→ What this task involves: Scan the records below for the line containing "A heart-shaped floral" and the line containing "글쓴: 근데 그럼 쌤이 늦으신거 제가 이해 해드려야하나요?". Copy both, plus every line between, exactly.

→ Dataset extract:
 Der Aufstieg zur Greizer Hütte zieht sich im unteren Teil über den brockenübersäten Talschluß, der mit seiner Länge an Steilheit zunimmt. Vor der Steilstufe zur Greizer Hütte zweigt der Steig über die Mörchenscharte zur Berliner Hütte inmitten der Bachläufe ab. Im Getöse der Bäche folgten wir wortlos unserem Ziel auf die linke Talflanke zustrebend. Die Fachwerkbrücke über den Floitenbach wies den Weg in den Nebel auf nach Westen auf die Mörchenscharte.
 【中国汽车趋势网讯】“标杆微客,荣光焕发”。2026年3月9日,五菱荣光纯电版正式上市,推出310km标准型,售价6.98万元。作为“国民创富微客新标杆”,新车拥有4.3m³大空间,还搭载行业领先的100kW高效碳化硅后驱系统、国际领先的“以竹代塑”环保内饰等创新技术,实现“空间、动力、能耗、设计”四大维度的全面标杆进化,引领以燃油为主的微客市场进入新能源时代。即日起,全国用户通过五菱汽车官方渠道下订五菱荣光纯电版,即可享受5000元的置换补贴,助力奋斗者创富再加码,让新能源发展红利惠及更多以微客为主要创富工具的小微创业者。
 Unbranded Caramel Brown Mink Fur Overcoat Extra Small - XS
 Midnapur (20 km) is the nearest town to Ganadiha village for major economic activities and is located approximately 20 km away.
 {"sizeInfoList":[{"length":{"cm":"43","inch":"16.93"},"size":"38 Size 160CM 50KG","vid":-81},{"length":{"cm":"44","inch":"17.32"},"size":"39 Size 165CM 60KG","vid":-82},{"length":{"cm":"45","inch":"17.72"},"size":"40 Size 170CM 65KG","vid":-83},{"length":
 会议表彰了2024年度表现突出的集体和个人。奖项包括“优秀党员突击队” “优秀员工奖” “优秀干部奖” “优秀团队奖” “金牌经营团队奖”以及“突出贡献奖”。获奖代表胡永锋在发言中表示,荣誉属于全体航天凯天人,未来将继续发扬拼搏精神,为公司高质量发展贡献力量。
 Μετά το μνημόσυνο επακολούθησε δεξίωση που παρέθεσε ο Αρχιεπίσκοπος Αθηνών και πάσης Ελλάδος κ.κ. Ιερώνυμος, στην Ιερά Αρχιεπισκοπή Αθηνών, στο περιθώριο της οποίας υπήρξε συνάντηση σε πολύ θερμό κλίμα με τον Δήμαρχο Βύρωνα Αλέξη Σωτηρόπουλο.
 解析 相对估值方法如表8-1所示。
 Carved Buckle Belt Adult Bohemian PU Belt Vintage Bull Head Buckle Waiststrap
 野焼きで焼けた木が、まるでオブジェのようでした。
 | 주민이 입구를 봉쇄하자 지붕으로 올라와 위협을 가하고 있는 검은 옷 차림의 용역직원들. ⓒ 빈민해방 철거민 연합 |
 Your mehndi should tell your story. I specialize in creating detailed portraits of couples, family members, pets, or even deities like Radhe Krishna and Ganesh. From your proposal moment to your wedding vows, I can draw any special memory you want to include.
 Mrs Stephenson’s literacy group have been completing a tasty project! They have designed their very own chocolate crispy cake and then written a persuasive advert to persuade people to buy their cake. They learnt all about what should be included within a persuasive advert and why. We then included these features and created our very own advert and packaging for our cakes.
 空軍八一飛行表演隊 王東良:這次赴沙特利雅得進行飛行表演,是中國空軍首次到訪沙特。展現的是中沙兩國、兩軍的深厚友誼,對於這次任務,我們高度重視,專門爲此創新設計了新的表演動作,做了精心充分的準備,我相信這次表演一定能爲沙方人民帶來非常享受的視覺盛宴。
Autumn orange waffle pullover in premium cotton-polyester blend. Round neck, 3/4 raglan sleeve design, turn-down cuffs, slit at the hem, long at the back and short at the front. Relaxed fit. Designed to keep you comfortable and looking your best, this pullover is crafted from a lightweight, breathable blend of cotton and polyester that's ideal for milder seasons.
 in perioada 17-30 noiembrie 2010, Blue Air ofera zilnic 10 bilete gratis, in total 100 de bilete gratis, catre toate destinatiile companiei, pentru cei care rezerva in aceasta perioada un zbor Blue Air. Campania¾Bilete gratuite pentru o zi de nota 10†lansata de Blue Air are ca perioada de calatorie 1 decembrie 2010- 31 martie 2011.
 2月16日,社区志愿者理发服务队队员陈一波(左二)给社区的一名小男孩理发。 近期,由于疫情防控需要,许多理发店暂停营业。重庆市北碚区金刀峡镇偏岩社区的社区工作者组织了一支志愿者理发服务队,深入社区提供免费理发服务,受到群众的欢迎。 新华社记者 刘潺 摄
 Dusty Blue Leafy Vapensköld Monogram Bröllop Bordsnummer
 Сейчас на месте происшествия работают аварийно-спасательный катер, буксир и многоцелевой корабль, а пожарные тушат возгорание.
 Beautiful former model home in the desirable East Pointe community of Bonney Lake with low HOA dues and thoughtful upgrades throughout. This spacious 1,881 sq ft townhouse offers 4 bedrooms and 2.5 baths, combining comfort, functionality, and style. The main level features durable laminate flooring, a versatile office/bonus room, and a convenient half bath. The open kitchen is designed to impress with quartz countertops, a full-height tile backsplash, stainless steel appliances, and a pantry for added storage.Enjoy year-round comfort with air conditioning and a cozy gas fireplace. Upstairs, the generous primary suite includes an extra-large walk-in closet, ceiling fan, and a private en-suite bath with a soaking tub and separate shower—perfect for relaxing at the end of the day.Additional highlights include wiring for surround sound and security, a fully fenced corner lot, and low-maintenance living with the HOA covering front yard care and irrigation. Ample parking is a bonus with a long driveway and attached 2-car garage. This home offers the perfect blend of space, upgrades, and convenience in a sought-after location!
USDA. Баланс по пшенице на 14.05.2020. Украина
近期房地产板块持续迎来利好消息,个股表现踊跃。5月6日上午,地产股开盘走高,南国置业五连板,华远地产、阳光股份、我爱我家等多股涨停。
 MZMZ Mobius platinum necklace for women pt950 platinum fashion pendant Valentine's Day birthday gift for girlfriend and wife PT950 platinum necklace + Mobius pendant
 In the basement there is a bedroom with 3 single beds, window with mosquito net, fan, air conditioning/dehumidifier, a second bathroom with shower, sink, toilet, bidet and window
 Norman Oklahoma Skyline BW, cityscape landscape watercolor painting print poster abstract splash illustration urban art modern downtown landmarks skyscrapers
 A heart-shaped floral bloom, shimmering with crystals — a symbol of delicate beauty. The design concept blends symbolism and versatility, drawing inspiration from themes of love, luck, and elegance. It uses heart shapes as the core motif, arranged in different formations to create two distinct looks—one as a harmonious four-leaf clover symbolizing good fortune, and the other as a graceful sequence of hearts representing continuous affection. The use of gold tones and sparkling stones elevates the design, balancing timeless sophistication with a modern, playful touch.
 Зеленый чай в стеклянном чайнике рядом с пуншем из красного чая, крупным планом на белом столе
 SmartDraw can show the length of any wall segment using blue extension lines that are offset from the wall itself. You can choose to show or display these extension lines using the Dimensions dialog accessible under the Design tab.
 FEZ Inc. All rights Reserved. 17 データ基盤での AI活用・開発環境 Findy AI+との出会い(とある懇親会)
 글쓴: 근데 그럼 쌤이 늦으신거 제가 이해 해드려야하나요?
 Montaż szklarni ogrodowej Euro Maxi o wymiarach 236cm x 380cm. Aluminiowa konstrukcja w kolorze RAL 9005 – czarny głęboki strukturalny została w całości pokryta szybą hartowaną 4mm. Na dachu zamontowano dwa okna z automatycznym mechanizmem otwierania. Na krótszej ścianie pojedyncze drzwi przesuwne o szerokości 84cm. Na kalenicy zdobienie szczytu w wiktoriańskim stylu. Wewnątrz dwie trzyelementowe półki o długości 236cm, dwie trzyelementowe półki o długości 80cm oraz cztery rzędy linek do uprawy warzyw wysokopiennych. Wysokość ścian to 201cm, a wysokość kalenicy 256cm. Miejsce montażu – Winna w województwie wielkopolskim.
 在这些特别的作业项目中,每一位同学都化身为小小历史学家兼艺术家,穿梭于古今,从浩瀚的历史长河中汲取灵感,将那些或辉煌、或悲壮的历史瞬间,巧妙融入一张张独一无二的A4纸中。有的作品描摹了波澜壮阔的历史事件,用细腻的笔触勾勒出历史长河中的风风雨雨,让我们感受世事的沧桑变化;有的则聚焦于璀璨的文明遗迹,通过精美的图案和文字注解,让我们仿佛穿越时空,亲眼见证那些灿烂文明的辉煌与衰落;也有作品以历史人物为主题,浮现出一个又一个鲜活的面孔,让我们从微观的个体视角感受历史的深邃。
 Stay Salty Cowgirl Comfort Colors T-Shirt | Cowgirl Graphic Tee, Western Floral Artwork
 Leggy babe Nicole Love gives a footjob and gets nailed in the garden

→ Answer section:
 A heart-shaped floral bloom, shimmering with crystals — a symbol of delicate beauty. The design concept blends symbolism and versatility, drawing inspiration from themes of love, luck, and elegance. It uses heart shapes as the core motif, arranged in different formations to create two distinct looks—one as a harmonious four-leaf clover symbolizing good fortune, and the other as a graceful sequence of hearts representing continuous affection. The use of gold tones and sparkling stones elevates the design, balancing timeless sophistication with a modern, playful touch.
 Зеленый чай в стеклянном чайнике рядом с пуншем из красного чая, крупным планом на белом столе
 SmartDraw can show the length of any wall segment using blue extension lines that are offset from the wall itself. You can choose to show or display these extension lines using the Dimensions dialog accessible under the Design tab.
 FEZ Inc. All rights Reserved. 17 データ基盤での AI活用・開発環境 Findy AI+との出会い(とある懇親会)
 글쓴: 근데 그럼 쌤이 늦으신거 제가 이해 해드려야하나요?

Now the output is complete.